I am trying to create a ptx module to implement the CUBLAS function in order to answer this currently unresolved SO question. I want to be able to define a function that can then be executed using launch() or some similar utility.
As a basic guide, I look at this page , which gives examples from a script for calling CUBLAS functions. I also review this example from the CUDArt GitHub website for more information. My current job looks something like this:
#include <cublas_v2.h> extern "C" // Multiply the arrays A and B on GPU and save the result in C // C(m,n) = A(m,k) * B(k,n) __device__ void gpu_blas_mmul(const float *A, const float *B, float *C, const int m, const int k, const int n) { int lda=m,ldb=k,ldc=m; const float alf = 1; const float bet = 0; const float *alpha = &alf; const float *beta = &bet; // Create a handle for CUBLAS cublasHandle_t handle; cublasCreate(&handle); // Do the actual multiplication cublasSgemm(handle, CUBLAS_OP_N, CUBLAS_OP_N, m, n, k, alpha, A, lda, B, ldb, beta, C, ldc); // Destroy the handle cublasDestroy(handle); }
Then I compile and then check the compilation using something like this:
nvcc -ptx -gencode=arch=compute_35,code=sm_35 -lcublas gpu_blas_mmul.cu ptxas -arch=sm_35 gpu_blas_mmul.ptx
When I do this, get the following error:
Unresolved extern function 'cublasCreate_v2'
If I remove __device__ from the beginning of the script, I will no longer get the error. But when I try to load a function into CUDArt using:
using CUDArt md = CuModule("path/to/gpu_blas_mmul.ptx", false) gpu_blas_mmul = CuFunction(md, "gpu_blas_mmul")
I get an error message:
ERROR: Named symbol not found
I looked at this and this SO post, as well as this resource. I tried simple solutions in them, for example, using __deice__ __host__ in my script and -nc when compiling with nvcc . However, I did not delve into the articles. This is partly due to the fact that they describe much more complex situations using several scenarios related to each other. It seems more complicated than I think is necessary, and besides, I'm not even sure that it will be successful.

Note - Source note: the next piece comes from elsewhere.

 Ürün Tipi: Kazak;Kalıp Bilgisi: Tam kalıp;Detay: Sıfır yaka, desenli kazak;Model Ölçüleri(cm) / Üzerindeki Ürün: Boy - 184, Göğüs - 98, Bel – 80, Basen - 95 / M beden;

I wrote other kernels and successfully compiled and launched them using CUDArt before, but the one that uses the cuBLAS library seems to beat me.

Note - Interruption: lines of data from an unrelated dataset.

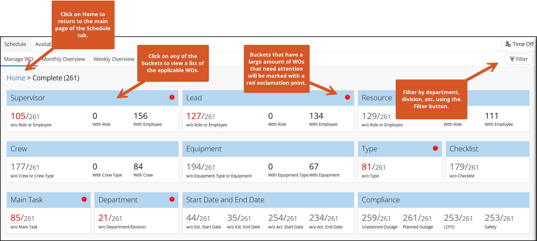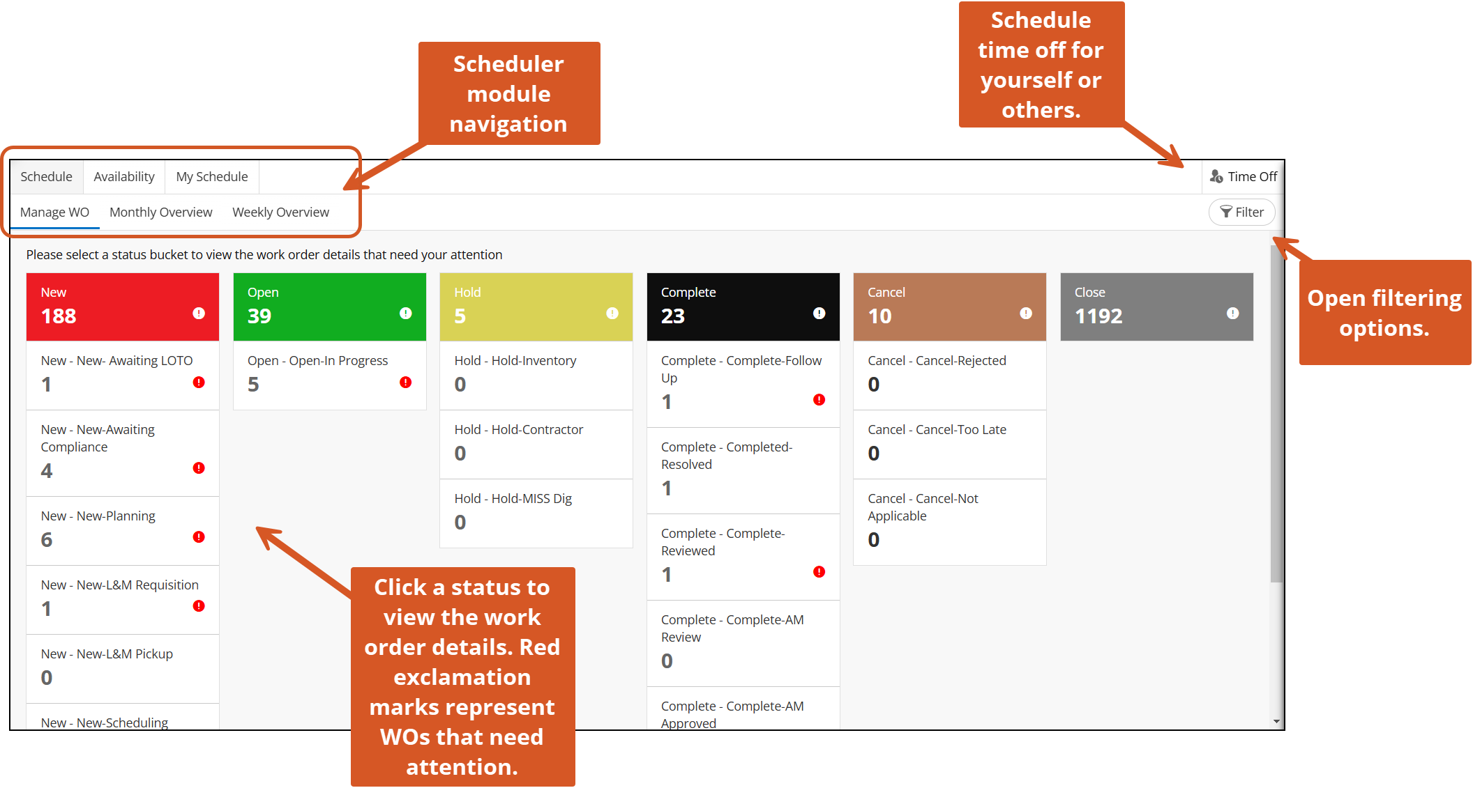 The Manage WO tab is used to see work orders in given statuses as well as work orders that might need attention due to missing data or other related items. Click on a status bucket to see a list of relevant work orders. Work orders that need attention are marked with a red exclamation point.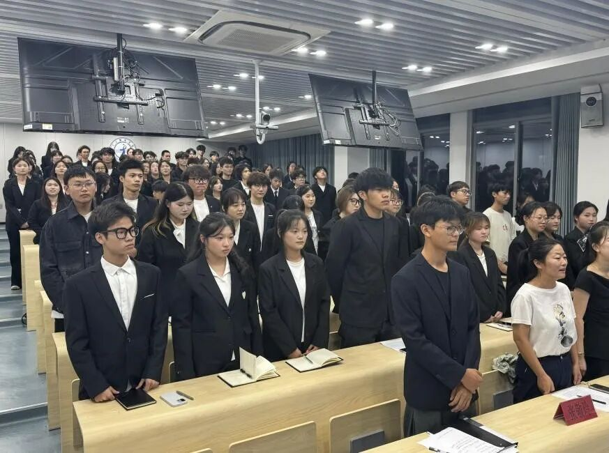 会议在庄严的团歌声中拉开帷幕。全体团学干部起立肃立,高唱《光荣啊,中国共青团》,激昂的旋律不仅唤起了大家对共青团使命的深刻认知,更激发了团学干部们服务同学、建设学院的责任感与使命感。通过集体奏唱团歌,进一步强化了团学干部的组织归属感,为会议奠定了昂扬向上的基调。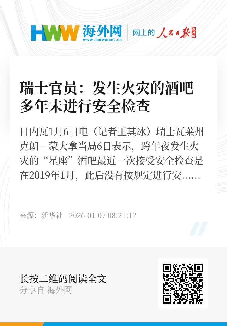 新华社日内瓦1月6日电(记者王其冰)瑞士瓦莱州克朗-蒙大拿当局6日表示,跨年夜发生火灾的“星座”酒吧最近一次接受安全检查是在2019年1月,此后没有按规定进行安全检查。

How can I solve these problems in order to compile and run the function specified in my script? I do not understand what part of this process is being destroyed or even if I am approaching this problem at the proper level.
Notes: I also tried replacing __device__ with __global__ and compiling using all the different architecture options, and none of them solves the problem.